TASK BRIEF: In the records below, reproduce exactly the lines from the one containing "공급세대수는 총 1,326호 중 사전청약 공급호수 815호" through the one containing "校长顾德库与常国辉主任为机器", both included, and omit the pictures.

START SUPPLIED DATA

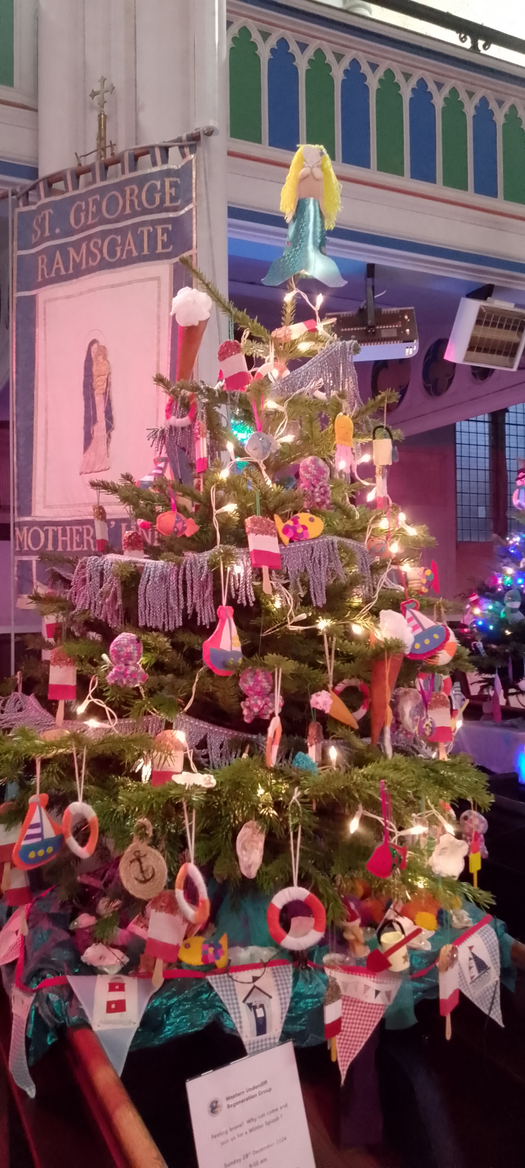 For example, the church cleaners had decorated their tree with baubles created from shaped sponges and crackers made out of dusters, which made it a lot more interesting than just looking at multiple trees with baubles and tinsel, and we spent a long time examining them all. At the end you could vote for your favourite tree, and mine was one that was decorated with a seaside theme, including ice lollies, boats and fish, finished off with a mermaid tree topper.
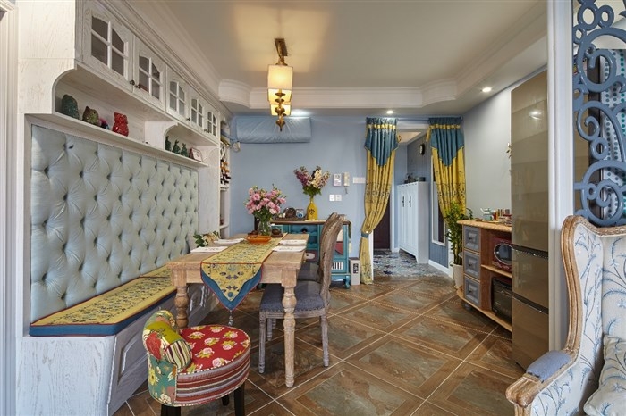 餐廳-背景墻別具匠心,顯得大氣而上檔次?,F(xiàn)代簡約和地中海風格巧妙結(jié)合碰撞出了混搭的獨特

END SUPPLIED DATA
START SUPPLIED DATA

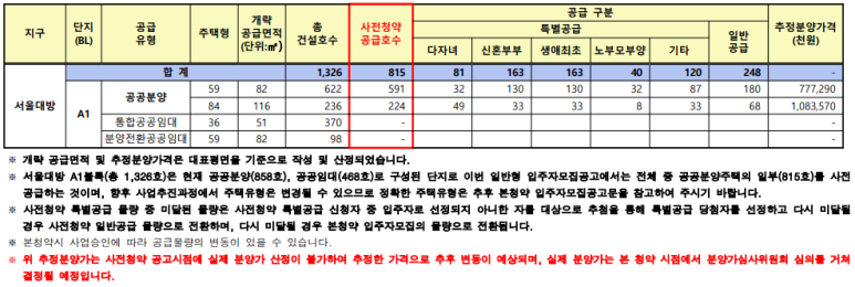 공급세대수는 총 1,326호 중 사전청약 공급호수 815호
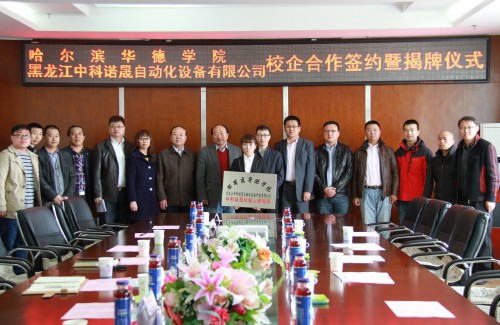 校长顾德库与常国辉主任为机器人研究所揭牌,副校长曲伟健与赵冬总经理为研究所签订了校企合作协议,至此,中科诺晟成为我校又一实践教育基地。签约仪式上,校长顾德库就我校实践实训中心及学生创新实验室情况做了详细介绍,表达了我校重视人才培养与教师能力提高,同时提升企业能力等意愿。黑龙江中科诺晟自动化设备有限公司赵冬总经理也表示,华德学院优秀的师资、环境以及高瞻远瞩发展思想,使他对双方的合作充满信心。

END SUPPLIED DATA

WRITTEN RESPONSE:
 공급세대수는 총 1,326호 중 사전청약 공급호수 815호
 校长顾德库与常国辉主任为机器人研究所揭牌,副校长曲伟健与赵冬总经理为研究所签订了校企合作协议,至此,中科诺晟成为我校又一实践教育基地。签约仪式上,校长顾德库就我校实践实训中心及学生创新实验室情况做了详细介绍,表达了我校重视人才培养与教师能力提高,同时提升企业能力等意愿。黑龙江中科诺晟自动化设备有限公司赵冬总经理也表示,华德学院优秀的师资、环境以及高瞻远瞩发展思想,使他对双方的合作充满信心。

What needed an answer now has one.